Mercosur et PAC: Von der Leyen propose d’anticiper 45 milliards pour l’agriculture
La présidente de la Commission européenne Ursula von der Leyen a proposé mardi d’anticiper le déblocage de 45 milliards d’euros pour soutenir les agriculteurs dès 2028, soucieuse de sécuriser une majorité parmi les Vingt-sept sur le projet d’accord de libre-échange UE-Mercosur, qu’une partie des agriculteurs européens redoutent.

Les États membres auraient ainsi accès, lors de la présentation de leur plan initial, à deux tiers du montant qui n’est normalement disponible que lors de l’examen budgétaire à mi-parcours, vers 2031-2032, selon un courrier de l’Allemande publié par ses services.
Cette annonce est intervenue à la veille d’une réunion extraordinaire à laquelle la Commission a convié les ministres de l’Agriculture des Vingt-sept. Les ministres Jo Brouns (Flandre) et Anne-Catherine Dalcq (Wallonie) y représenteront la Belgique, ce 7 janvier.
Les discussions devraient porter principalement sur l’avenir de la politique agricole commune (PAC), sur la réciprocité en matière de normes de production (dont les « clauses-miroir ») et de contrôles à l’importation, ainsi que sur l’impact de la charge réglementaire et de la hausse des coûts des intrants sur les agriculteurs, selon la présidence chypriote du Conseil de l’UE, coorganisatrice de la réunion.
La future PAC (2028-2034) et l’accord UE-Mercosur avaient encore été ciblés par les agriculteurs lors d’une manifestation mouvementée dans le quartier européen de Bruxelles, le 18 décembre dernier, en marge d’un sommet européen.
Car la Commission a jusqu’ici proposé de sécuriser 294 milliards d’euros pour les agriculteurs dans la future PAC, soit un gros cinquième de moins que sur la période 2021-2027, à charge pour les États membres d’en rajouter via des (co-)financements européens liés à d’autres politiques rurales.
Craintes de concurrence déloyale
Quant au projet UE-Mercosur, en chantier depuis un quart de siècle avec le Brésil, l’Argentine, le Paraguay et l’Uruguay, de nombreux syndicats agricoles européens craignant une concurrence déloyale sur des produits comme le bœuf et la volaille, le sucre, le riz, le miel et le soja sud-américains. Ils se voient sacrifiés face aux exportations promises de voitures, machines, vins et spiritueux européens.
Cheffe de file des opposants au texte « en l’état », la France réclame de solides clauses de sauvegarde, sortes de frein d’urgence en cas d’afflux de produits déstabilisant le marché européen, mais aussi la réciprocité (des « clauses-miroir » qui interdiraient par exemple des pesticides et autres molécules déjà interdites dans l’UE), ou encore une fiabilité avérée des contrôles aux frontières.
Face à l’Allemagne et à l’Espagne, partisanes de la signature, des pays comme la Pologne ou l’Irlande sont eux aussi critiques. La Belgique, elle, n’a adopté sur ce dossier qu’une position d’abstention, les partis des différents gouvernements du pays n’étant pas d’accord entre eux.
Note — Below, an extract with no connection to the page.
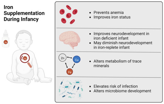 Existing reviews in this area are of high quality [13,14,15,17,20], but they do not provide a full overview of outcomes that have been observed in controlled human and animal studies. The purpose of this review will be to summarize outcomes of iron supplementation between birth and 12 months in infants, as well as the corresponding developmental stage in animal models. With the goal of identifying the most promising directions for future iron intervention research, we discuss likely biological mechanisms underlying risks and benefits of iron supplementation during infancy.

La Commission européenne doit convaincre une majorité qualifiée parmi les Vingt-sept, soit 55 % des États membres (au moins 15 sur 27) représentant au moins 65 % de la population totale de l’UE. Les yeux se tournent notamment vers l’Italie, qui avait freiné en marge du dernier sommet européen. Un vote des États membres pourrait intervenir vendredi, permettant à Ursula von der Leyen de tenir l’agenda qui lui est prêté, avec une signature de l’accord le 12 janvier au Paraguay.